Shaw gets some of the best reactions of the evening, soaring around the venue with her signature “Air Canada” or “Monarch Butterfly" flying twirls.

Gisele Shaw is floored by Holidead
Gisele Shaw is floored by Holidead. Photography by Yaz Narcin

Back in the ring, Trish Adora from Washington DC is gearing up to wage war on her opponent, Mercedez Blaze. Trish is tall and strong, with dots of paint daubed on her face, and her hair piled carefully on top of her head. I’ve seen her perform before, and her calming off-stage presence, contrasted with the eruption of her performance, stuck with me. 

Describing herself as “the Afro-punk”, Trish Adora grew up watching wrestling with her dad and five brothers, becoming a wrestler herself after eight years in the army. 

“Naturally I’m very shy and reserved, but my character is the person I imagined I could be when I looked in the mirror. She speaks up for herself and others. She’s no-nonsense and tough as nails.” 

"My character is the person I imagined I could be when I looked in the mirror"

I watch in awe as Trish Adora (below) and Mercedez throw each other around the ring, never once breaking character as they’re slammed to the floor or throw themselves against the ropes. Every headlock, every choke, I worry for Trish—but she’s out of Mercedez’s holds faster than she’s put in them, punching the air with every victory, throwing out a cry for every setback. She doesn’t win this match, but you wouldn’t know it from the crowd. They love her. 

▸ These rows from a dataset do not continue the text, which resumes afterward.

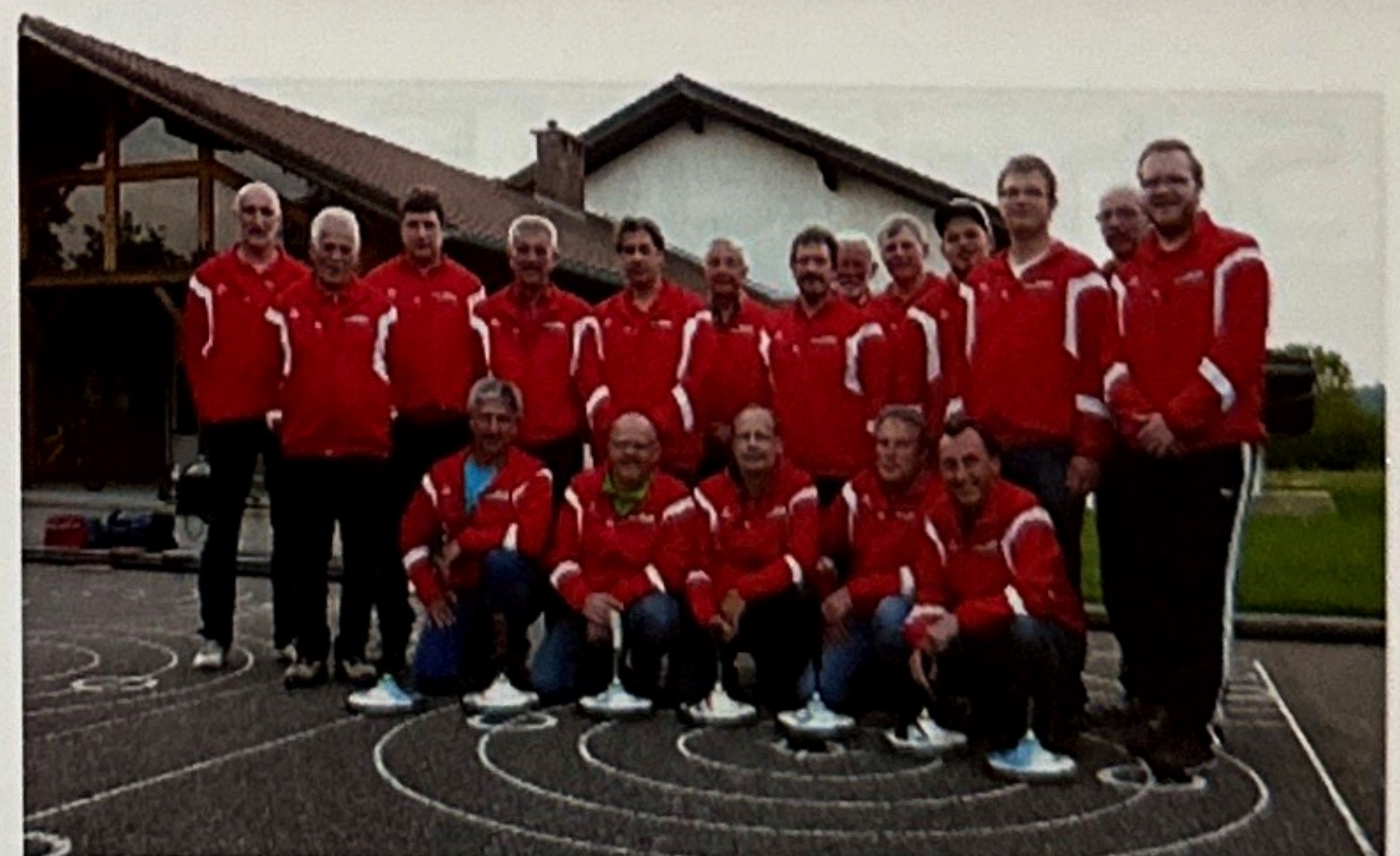
Bild 3: Zur Fusion zum SV Truchtlaching-Seeon gabs natürlich auch eine frische Team-Ausstattung.
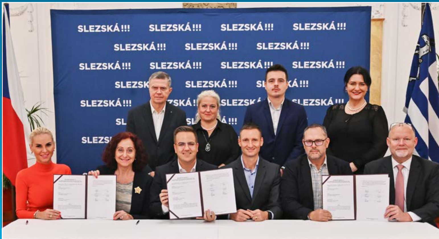
Podpis koaliční smlouvy v obřadní síni slezskoostravské radnice.
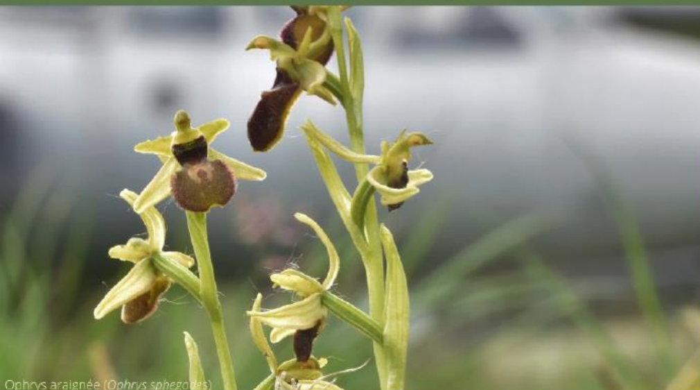
Ophrys araignée ( Ophrys sphegodes )
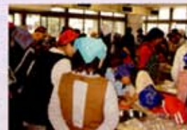
さあエコクッキング
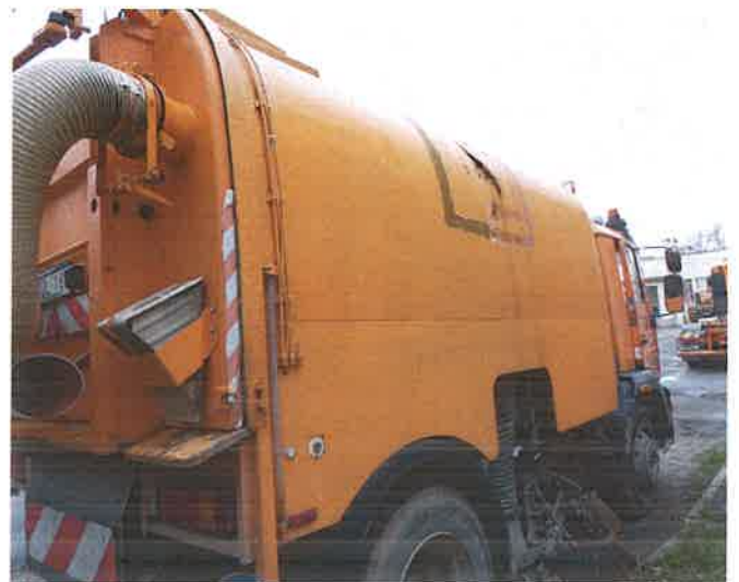
4, A GUL-188 forgalmi rendszámú tehergépkocsi
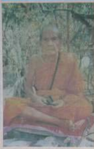
หลวงปู่หมื่น ฐิตสีโล อายุ 105 ปี พรรษาที่ 83
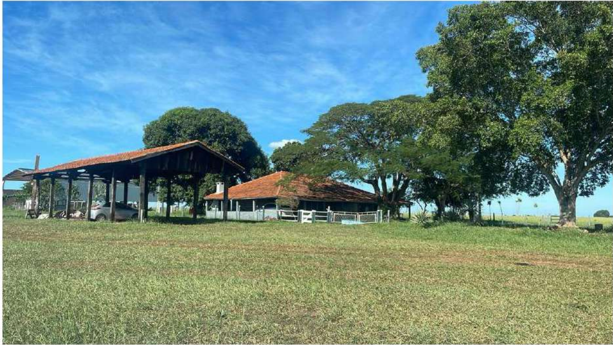
PONTO 02 - FAZ. ÁGUA VIVA
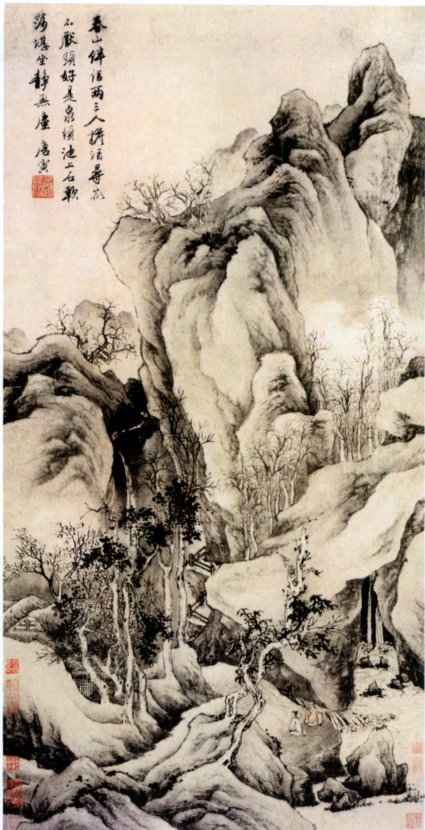
■ 《春山伴侣图》 立轴 纸本 水墨 纵82厘米 横44厘米 上海博物馆藏

至于唐伯虎点秋香的风流韵事，真实的史料也再一次打破了人们的梦想：秋香出生于1450年，比唐伯虎整整大了二十岁，那个年代并不流行姐弟恋，更重要的是他们平生素未晤面，唯一的瓜葛是两人都曾是沈周的学生，只算是做过一回同门师姐弟。
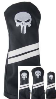
Punisher Skull schwarz Durableather

SF1107SS Driver SF1307SS Fairway SF1807SS Hybrid

“Wrestling helps me with my depression and anxiety, and it empowers me completely. When I wouldn’t usually speak in front of an audience, I yell. When I wouldn’t usually walk out in front of an audience, I burst through the curtains. I extend myself in ways I never have before, and it feels so good to finally have a positive outlet and something I can be proud of.”

Trish Adora the Afro Punk in action
Photography by Yaz Narcin

Despite the amazing work EVE has done, gripes with the industry at large aren’t entirely over yet. 

Trish Adora laments that she remains “generally fairly frustrated with the treatment of black wrestlers. There’s a depth to the black experience, and it doesn’t always get portrayed in a positive light.”

Holidead struggles with the fact that “just because you work hard, it doesn't mean that hard work will be rewarded. Like any business, there are always politics at play.”

Meanwhile, mainstream wrestling promotions don't seem entirely happy with EVE's success. “WWE can cause us problems,” Emily muses. 

 “It’s like we’re allowed to do so much,” Dann explains, “but if we get too big for our boots, they’ll shut us down…” 

Jayla Dark's final show wrestling
Photography by Yaz Narcin

One night I attend the final match for Scottish wrestler Jayla Dark (above) before her retirement. As the bout finishes there’s a roar from the upstairs balcony, where performers await their moment on stage. They run down to embrace her, some laughing, some crying, now dressed in comfy tracksuits instead of colourful spandex. And in a moment these women are transformed from their characters, with their rivalries, and their bravado, into sisters. 

“I wanted to build a platform where women could be safe and reach their potential—and we did,” Emily gushes. “But for some reason, I didn’t expect the community… and it’s beautiful. We built a family.”